1. **Analyze & plan.** ClickHouse parses the query and sees the filter on `event_date`, the leading `ORDER BY` column — the ideal case for primary-index pruning.

1. **Select parts and granules.** Across all active parts, it binary-searches the sparse primary index and selects only the granules whose key range covers `2024-09-01`. A billion rows collapses to the few thousand granules of that day. Any applicable skip indexes prune further.

1. **Resolve byte offsets via marks.** The marks files turn the selected granules into exact offsets in the `.bin` files of the three columns the query touches — `event_date`, `customer_id`, `amount`. No other column is read.

1. **Read & decompress.** Only those compressed blocks are pulled off disk and decompressed (LZ4 by default — fast).

1. **Vectorized aggregate.** ClickHouse streams the blocks through a vectorized `GROUP BY`, building per-`customer_id` count and sum, in parallel across CPU cores and across parts.

1. **Merge, sort, limit.** Per-core partial aggregates merge, the top 100 by `total` are selected, and the result returns.

Almost all of the runtime was decided at step 2 — how many granules survived pruning. That's the recurring lesson: in ClickHouse, the fastest work is the work you never do, and the `ORDER BY` key governs how much you get to skip.

## What to take into Part 2

Three sentences carry the whole article. **Columns plus compression mean you read only the data the query references, and less of it.** **The sparse primary index over the `ORDER BY` key decides which granules you read at all** — pruning is most of performance, and it's a schema decision. **Vectorized block execution makes the surviving work fast**, in cache-friendly SIMD loops.

Hold those and ClickHouse tuning stops being guesswork. In [Part 2](clickhouse-schema-query-optimization) we turn them into concrete schema decisions — choosing the right engine from the MergeTree family, designing the `ORDER BY` key and partitioning, picking data types and codecs that shrink and skip, adding skip indexes, and navigating ClickHouse's genuinely unusual JOIN behavior.

🟡 Continue the series

1. Internals: How a Columnar OLAP Engine Actually Works (this article)

1. [Schema Design, ORDER BY, and Query Optimization →](clickhouse-schema-query-optimization)

1. [Insert Performance & Real-Time Streaming →](clickhouse-ingestion-streaming)

## Frequently asked questions

### How does ClickHouse skip data it doesn't need to read?

Its primary index is sparse — one mark per granule of about 8,192 rows rather than per row. For a query filtered on the sorting key, ClickHouse searches the marks to find only the granules that can contain matches, so most of the table is never read.

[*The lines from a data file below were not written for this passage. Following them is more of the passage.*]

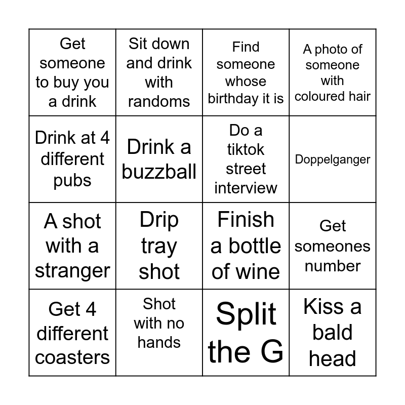 This bingo card has 16 words: Shot with no hands, Get someones number, Find someone whose birthday it is, Get someone to buy you a drink, A shot with a stranger, Sit down and drink with randoms, Finish a bottle of wine, Split the G, Drink at 4 different pubs, Drink a buzzball, Get 4 different coasters, A photo of someone with coloured hair, Drip tray shot, Doppelganger, Do a tiktok street interview and Kiss a bald head.
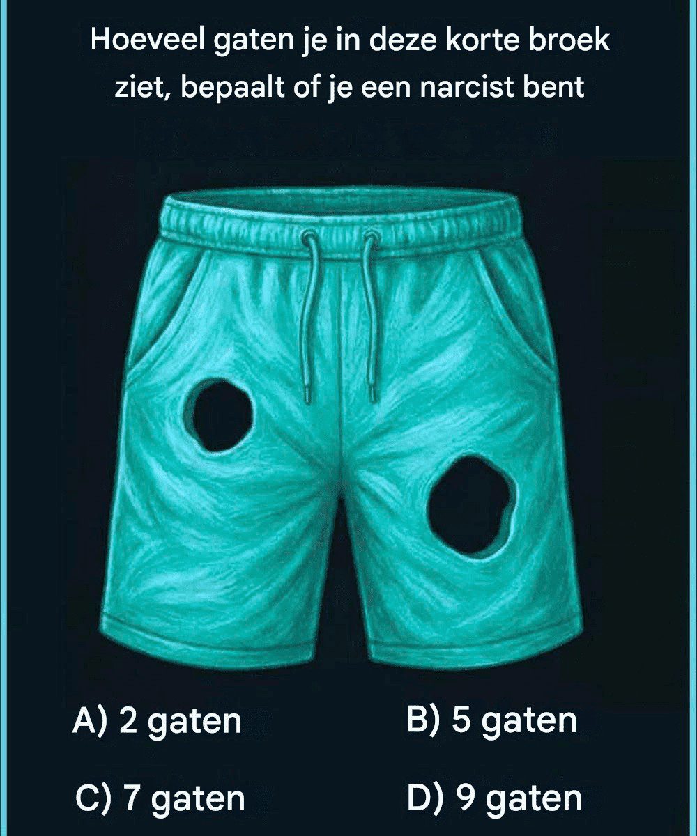 Op het eerste gezicht lijkt deze virale afbeelding niets meer dan een paar beschadigde shorts. Maar zodra je de titel leest – « Hoeveel gaten je in deze shorts ziet, bepaalt of je een narcist bent » – schakelt je brein onmiddellijk over van passief scrollen naar een analytische modus. En dat is precies waarom deze optische puzzel de sociale media heeft veroverd: het daagt je waarneming uit en plaagt tegelijkertijd je ego.
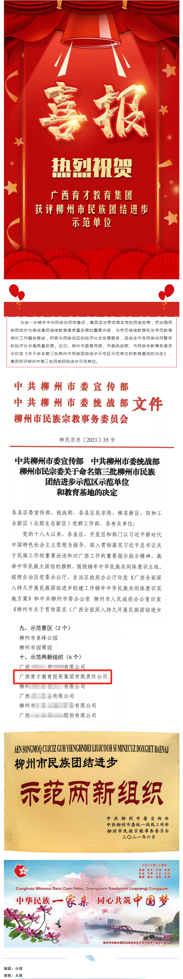 喜報丨祝賀集團獲評柳州市“民族團結(jié)進步”示范單位
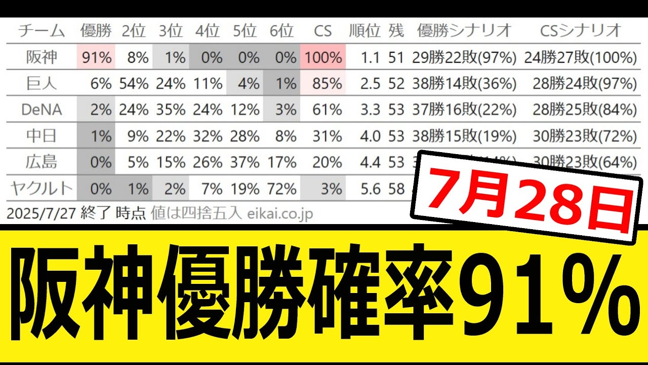 阪神優勝確率91%【プロ野球、なんj、反応集】【野球、2ch、まとめ】【セ・リーグ順位表】
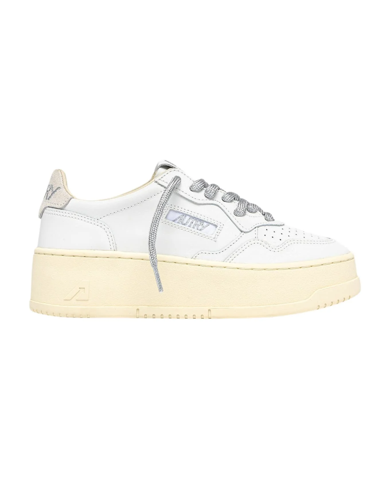 Sneakers made of leather and suede Front lacing Round toe Logo details Rubber platform sole Sole height 4 cm White, silver Made in Indonesia Composition: 100% leather Made in: Indonesia Color: White Size and fit: - Size 37 EU - Model number: PTLWSW02LEATSWOLLWHTSILV
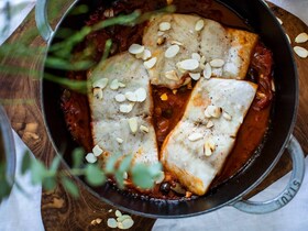 4 filety ostrieža nílskeho (alebo iné biele ryby), 400 g konzerva celých konzervovaných paradajok (môžu byť aj drvené), 3 bobkové listy, 3 strúčiky cesnaku, olúpané, na plátky nakrájané, 1 lyžica olivového oleja, 2 lyžice balzamikovej redukcie, 2 lyžice olív taggiasca (*úvod), morská soľ, čerstvo zomleté čierne korenie
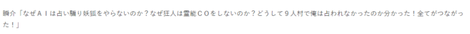 瞬介「妄想ばかり書き並べてしまい恐縮ではあります。このような推測を重ねて蓄積していくのはAIから人狼のセオリーを学べることになりますし、ゲームを楽しむ行為なのだと実感しております。事実、一戦一戦、AIの動向を考察するのが楽しくて仕方ありません」
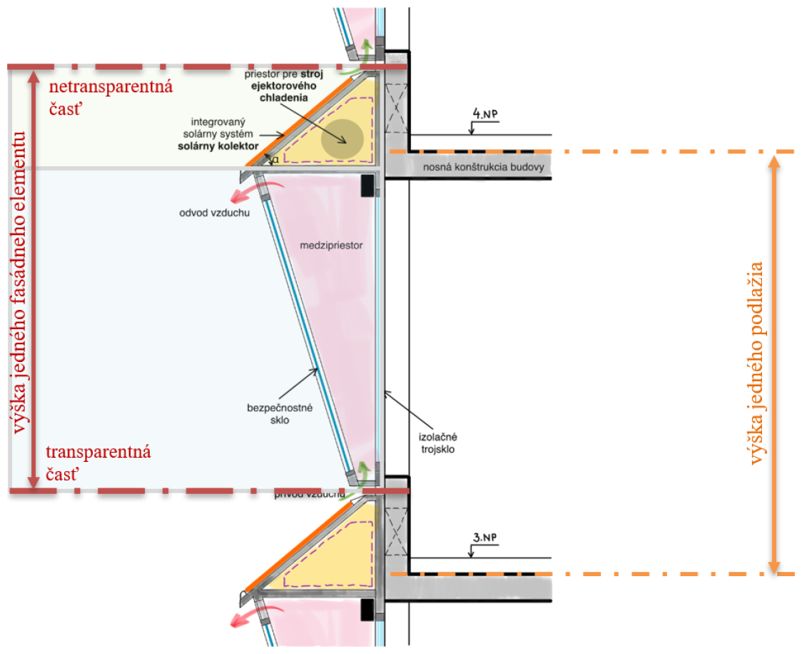 Základným konceptom nového návrhu je dvojitá transparentná fasáda (Obr. 1, Obr. 2), ktorá je schopná reagovať a prispôsobiť sa podmienkam meniacej sa vonkajšej klímy. Zároveň by nemala negatívne vplývať na kvalitu vnútorného prostredia budovy. Koncept novej inovatívnej adaptívnej fasády je riešený modulovo a má atypický geometrický tvar. Vonkajší plášť fasády je svojou konštrukciou a tvarom prispôsobený optimálnemu sklonu solárneho kolektora α = 40° (plochý solárny kolektor orientovaný na južnú svetovú stranu).

### What is the MergeTree parts-and-merges model?

Every insert writes a new immutable, sorted part, and a background process continually merges smaller parts into larger ones while keeping data ordered by the ORDER BY key. This is why many tiny inserts hurt — they create too many parts — and why you batch inserts.

### Why is ClickHouse so fast on aggregations?

Columnar storage reads only the referenced columns and compresses them with type-aware codecs, the sparse index skips irrelevant granules, and a vectorized engine processes data in cache-friendly blocks using SIMD. Most of the runtime is decided before any data is actually read.